• Exercise objective: Using the data below, output a verbatim copy of the lines between the one holding "- Nagy méretű" and the one holding "At the end of", inclusive, without any pictures.

BEGIN Material shown

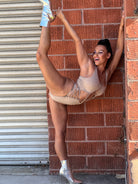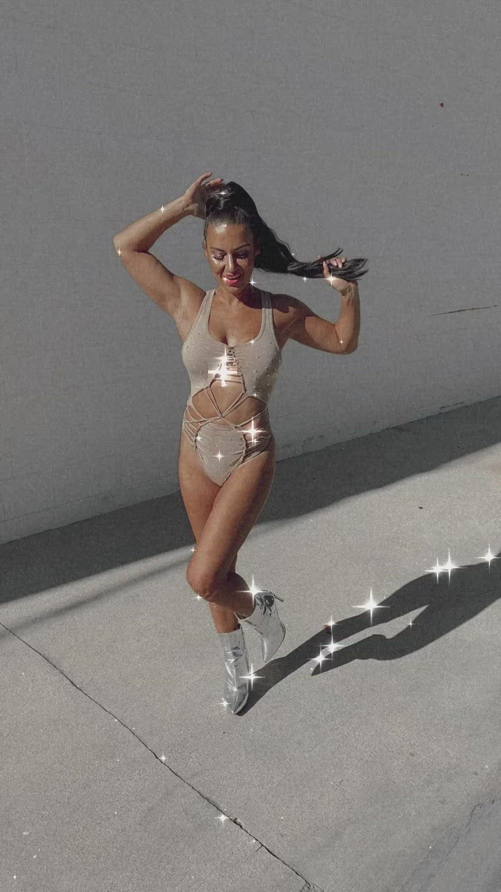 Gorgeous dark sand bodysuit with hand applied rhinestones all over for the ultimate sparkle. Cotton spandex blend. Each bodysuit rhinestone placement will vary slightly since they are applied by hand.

END Material shown
BEGIN Material shown

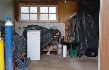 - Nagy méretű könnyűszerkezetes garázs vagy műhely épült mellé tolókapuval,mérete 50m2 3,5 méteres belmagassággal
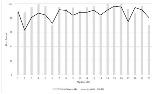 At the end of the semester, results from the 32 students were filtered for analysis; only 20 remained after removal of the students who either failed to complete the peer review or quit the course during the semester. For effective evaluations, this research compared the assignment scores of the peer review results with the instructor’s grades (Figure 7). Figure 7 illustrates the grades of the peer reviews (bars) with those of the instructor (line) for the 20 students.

END Material shown

• Task answer:
 - Nagy méretű könnyűszerkezetes garázs vagy műhely épült mellé tolókapuval,mérete 50m2 3,5 méteres belmagassággal
 At the end of the semester, results from the 32 students were filtered for analysis; only 20 remained after removal of the students who either failed to complete the peer review or quit the course during the semester. For effective evaluations, this research compared the assignment scores of the peer review results with the instructor’s grades (Figure 7). Figure 7 illustrates the grades of the peer reviews (bars) with those of the instructor (line) for the 20 students.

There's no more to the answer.